David Richter
University of Notre Dame
3:30 PM
154 Hurley Hall
Understanding Multiphase Turbulence In The Environment Using Numerical Simulations
In the natural environment, water and air move over enormous ranges of temporal and spatial scales, and are typically subject to a wide variety of complex physical and chemical processes. While this already makes systematic and rigorous observation difficult in practice, studying these flows can be further inhibited by hazardous or inaccessible conditions which preclude direct measurements or analyses. This in turn negatively impacts the accuracy and reliability of large-scale modeling efforts which require robust knowledge of small-scale details--for example in hurricane forecasting models, climate models, or contaminant dispersion models.

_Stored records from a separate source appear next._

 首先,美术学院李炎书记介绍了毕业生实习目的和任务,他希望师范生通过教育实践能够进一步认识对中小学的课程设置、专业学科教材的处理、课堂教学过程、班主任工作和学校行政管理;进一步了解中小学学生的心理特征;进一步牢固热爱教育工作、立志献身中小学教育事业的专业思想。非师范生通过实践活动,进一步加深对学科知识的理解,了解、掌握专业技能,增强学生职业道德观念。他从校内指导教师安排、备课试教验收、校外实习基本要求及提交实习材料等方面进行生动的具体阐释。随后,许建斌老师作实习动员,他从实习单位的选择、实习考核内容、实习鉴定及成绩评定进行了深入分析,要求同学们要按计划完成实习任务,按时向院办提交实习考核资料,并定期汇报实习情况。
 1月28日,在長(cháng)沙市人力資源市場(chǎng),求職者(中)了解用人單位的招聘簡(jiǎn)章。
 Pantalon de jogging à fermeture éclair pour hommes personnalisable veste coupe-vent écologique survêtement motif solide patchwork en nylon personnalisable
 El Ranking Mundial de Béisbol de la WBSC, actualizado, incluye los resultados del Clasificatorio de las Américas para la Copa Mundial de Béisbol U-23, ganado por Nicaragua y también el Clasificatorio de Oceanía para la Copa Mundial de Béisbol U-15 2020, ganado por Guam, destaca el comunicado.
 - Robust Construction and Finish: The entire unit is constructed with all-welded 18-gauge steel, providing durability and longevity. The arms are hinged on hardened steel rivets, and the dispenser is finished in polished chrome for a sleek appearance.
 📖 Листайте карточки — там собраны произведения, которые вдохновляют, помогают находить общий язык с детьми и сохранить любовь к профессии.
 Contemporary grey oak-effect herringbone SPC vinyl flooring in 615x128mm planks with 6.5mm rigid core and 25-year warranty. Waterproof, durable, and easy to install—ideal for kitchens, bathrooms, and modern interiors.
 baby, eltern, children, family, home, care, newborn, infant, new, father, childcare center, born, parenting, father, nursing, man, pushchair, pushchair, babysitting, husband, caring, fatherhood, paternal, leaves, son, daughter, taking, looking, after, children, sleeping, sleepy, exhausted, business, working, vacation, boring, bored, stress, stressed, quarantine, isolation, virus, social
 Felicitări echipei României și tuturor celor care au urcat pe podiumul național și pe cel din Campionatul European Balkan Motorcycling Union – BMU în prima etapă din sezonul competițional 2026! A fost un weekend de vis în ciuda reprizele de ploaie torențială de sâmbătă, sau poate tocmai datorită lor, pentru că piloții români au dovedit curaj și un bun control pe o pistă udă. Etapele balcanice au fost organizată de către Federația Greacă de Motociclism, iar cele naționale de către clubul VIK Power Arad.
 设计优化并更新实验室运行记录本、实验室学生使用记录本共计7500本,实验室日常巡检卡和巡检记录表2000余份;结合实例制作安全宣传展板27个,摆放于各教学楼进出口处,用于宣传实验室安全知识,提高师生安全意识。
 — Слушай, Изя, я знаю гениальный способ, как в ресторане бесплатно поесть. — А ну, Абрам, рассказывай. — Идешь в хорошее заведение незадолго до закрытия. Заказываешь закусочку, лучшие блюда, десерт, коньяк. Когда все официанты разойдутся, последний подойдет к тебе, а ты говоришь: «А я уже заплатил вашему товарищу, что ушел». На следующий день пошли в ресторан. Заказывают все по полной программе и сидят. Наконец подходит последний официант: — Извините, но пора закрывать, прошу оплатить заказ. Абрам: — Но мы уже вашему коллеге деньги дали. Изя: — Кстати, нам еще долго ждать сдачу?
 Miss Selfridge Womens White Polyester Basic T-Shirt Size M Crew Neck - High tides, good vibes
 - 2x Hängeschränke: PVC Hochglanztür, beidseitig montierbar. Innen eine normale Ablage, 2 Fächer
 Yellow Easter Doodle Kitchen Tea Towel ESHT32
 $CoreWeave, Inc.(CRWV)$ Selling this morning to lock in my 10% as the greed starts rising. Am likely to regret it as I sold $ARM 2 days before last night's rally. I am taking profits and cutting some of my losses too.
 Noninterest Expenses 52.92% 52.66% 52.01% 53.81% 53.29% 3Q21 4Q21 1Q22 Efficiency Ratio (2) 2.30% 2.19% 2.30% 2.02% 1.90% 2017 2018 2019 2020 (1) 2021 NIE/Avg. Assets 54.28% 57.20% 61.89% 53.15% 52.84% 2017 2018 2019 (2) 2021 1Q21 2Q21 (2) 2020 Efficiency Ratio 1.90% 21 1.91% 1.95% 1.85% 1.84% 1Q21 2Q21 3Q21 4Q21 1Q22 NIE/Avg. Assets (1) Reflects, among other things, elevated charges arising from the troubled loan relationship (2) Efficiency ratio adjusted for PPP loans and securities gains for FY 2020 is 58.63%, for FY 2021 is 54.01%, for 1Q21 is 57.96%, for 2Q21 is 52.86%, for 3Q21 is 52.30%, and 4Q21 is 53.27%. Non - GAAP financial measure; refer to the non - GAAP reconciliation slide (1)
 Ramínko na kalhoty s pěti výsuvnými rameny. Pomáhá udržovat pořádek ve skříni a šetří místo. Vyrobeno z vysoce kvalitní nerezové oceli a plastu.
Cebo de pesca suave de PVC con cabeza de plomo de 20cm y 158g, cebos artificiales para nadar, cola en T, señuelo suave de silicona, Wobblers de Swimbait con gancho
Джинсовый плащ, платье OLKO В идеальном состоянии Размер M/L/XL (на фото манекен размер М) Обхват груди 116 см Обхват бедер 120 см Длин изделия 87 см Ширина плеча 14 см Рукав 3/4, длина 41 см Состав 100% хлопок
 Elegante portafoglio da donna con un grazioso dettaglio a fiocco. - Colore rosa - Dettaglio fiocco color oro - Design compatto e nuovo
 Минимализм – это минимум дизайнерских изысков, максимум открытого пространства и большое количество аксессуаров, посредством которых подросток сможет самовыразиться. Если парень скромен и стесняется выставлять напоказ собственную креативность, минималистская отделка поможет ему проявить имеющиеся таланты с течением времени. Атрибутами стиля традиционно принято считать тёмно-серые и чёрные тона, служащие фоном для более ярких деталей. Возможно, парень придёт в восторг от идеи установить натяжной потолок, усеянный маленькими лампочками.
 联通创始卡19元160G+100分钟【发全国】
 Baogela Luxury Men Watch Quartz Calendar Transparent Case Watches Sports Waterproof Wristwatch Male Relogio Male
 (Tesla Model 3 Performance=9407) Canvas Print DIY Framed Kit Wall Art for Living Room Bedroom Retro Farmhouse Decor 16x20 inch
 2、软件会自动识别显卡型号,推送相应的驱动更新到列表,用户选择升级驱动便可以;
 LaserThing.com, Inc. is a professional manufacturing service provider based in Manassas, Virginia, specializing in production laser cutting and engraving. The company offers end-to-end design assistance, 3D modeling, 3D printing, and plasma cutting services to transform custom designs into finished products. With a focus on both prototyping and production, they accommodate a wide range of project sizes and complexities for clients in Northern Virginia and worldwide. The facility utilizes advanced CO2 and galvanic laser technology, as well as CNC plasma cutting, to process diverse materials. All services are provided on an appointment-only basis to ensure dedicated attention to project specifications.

In this talk, I will present ongoing work dedicated to using direct numerical simulations coupled with Lagrangian point particles as an experimental tool for understanding and parameterizing basic physical processes in multiphase environmental flows where measurements are almost completely lacking. In particular, energy and momentum transfer at the high-wind, spray-laden air-sea interface will be used as an example to show, fundamentally, what the ejection and suspension of evaporating water droplets can (and cannot) do to the budgets of momentum, heat, and moisture flux in the near-surface turbulent boundary layer. The implications of these findings will be interpreted in the context of the actual “outside” flows and larger-scale model development, and the extension of this problem to other environmental dispersed phase flows (e.g., dust transport, riverbed dynamics, blowing snow, etc.) will be discussed.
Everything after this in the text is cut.